Arjen Anthony Lucassen chronology
| Actual Fantasy (1996) | Strange Hobby (1996) | Into the Electric Castle (1998) |

= Strange Hobby =

Strange Hobby is an uncredited cover album by Arjen Anthony Lucassen, released in 1996. The album and the booklet contained no information about Lucassen and did not explain who was responsible for the recordings, to make the album even more "strange".

The album features covers of songs that have influenced Lucassen's musical development, mainly from the 1960s. As he did in his solo album Pools of Sorrow, Waves of Joy, Lucassen performed all the vocals and all the instruments (except drums and synthesizer) and arranged all the songs himself.
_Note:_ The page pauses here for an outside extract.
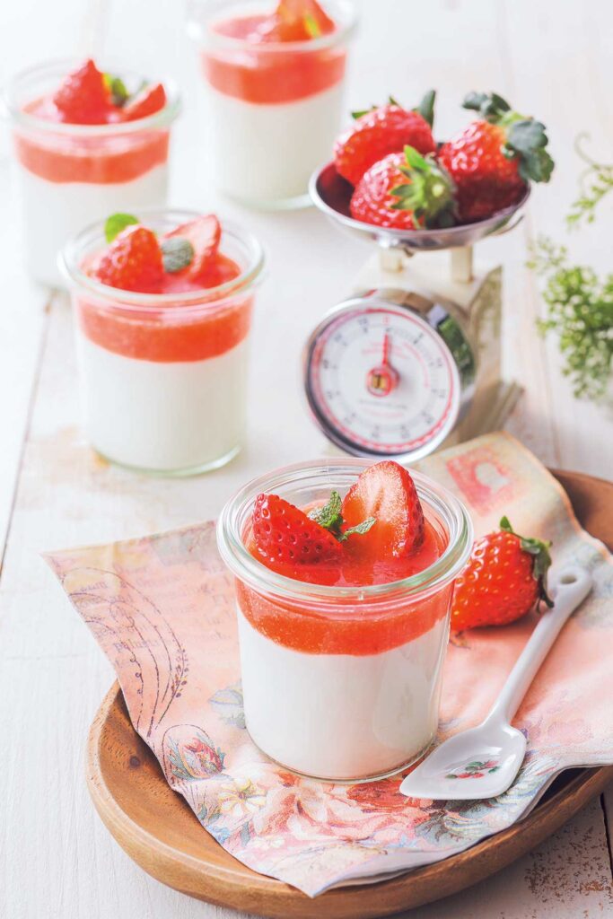 ❷①にヨーグルト・レモン汁を加えざっと混ぜ合わせ、熱いゼラチン液を混ぜたら、手早く器に分け入れ、冷蔵庫で1時間冷やし固める。

The album was re-released on 8 July 2016 with four previously unreleased bonus tracks; this time, Lucassen was officially credited as the artist.

== Track listing ==

| No. | Title | Writer(s) | Original artist (date) | Length |
|---|---|---|---|---|
| 1. | "Arnold Layne" | Syd Barrett | Pink Floyd (1967) | 2:59 |
| 2. | "Norwegian Wood" | John Lennon, Paul McCartney | The Beatles (1965) | 2:07 |
| 3. | "Pictures of Matchstick Men" | Francis Rossi | Status Quo (1968) | 3:10 |
| 4. | "I Am a Rock" | Paul Simon | Paul Simon (1965) | 2:35 |
| 5. | "Boris the Spider" | John Entwistle | The Who (1966) | 2:10 |
| 6. | "(Further Reflections) In the Room of Percussion" | Eddy Pumer, Peter Daltrey | Kaleidoscope (1967) | 3:11 |
| 7. | "Sunny Afternoon" | Ray Davies | The Kinks (1966) | 3:29 |
| 8. | "See Emily Play" | Syd Barrett | Pink Floyd (1967) | 2:41 |
| 9. | "For No One" | John Lennon, Paul McCartney | The Beatles (1966) | 2:02 |
| 10. | "I Want You" | Bob Dylan | Bob Dylan (1966) | 2:38 |
| 11. | "Bus Stop" | Graham Gouldman | The Hollies (1966) | 3:05 |
| 12. | "Flowers in the Rain" | Roy Wood | The Move (1967) | 2:11 |
| 13. | "The Letter" | Wayne Carson Thompson | The Box Tops (1967) | 2:08 |
| 14. | "Ride a White Swan" | Marc Bolan | T. Rex (1970) | 2:18 |
| 15. | "Sloop John B" | Traditional West Indies (Bahamas) folk song, The Kingston Trio, Brian Wilson | The Beach Boys (1966) | 2:55 |
| 16. | "Daydream Believer" | John Stewart | The Monkees (1967) | 2:42 |
| 17. | "Catch the Wind" | Donovan | Donovan (1965) | 1:58 |
| 18. | "Ice in the Sun" | Marty Wilde, Ronnie Scott | Status Quo (1968) | 2:26 |

2016 reissue and Itunes bonus tracks
| No. | Title | Writer(s) | Original artist (date) | Length |
|---|---|---|---|---|
| 19. | "Pretty Girls" | Arjen Anthony Lucassen | original song | 2:41 |
| 20. | "In the Room of Percussion" | Eddy Pumer, Peter Daltrey | Kaleidoscope (1967) | 2:26 |
| 21. | "Last Train to Clarksville" | Tommy Boyce, Bobby Hart | The Monkees (1966) | 2:27 |
| 22. | "Ruby Tuesday" | Mick Jagger, Keith Richards | The Rolling Stones (1967) | 2:48 |

== Commercial reception ==
The album was a commercial loss, partially because Lucassen was not well known at that time (his success really started with Into the Electric Castle). Years later, Arjen stated: "[I]t may not be smart from a commercial point of view, but it was fun".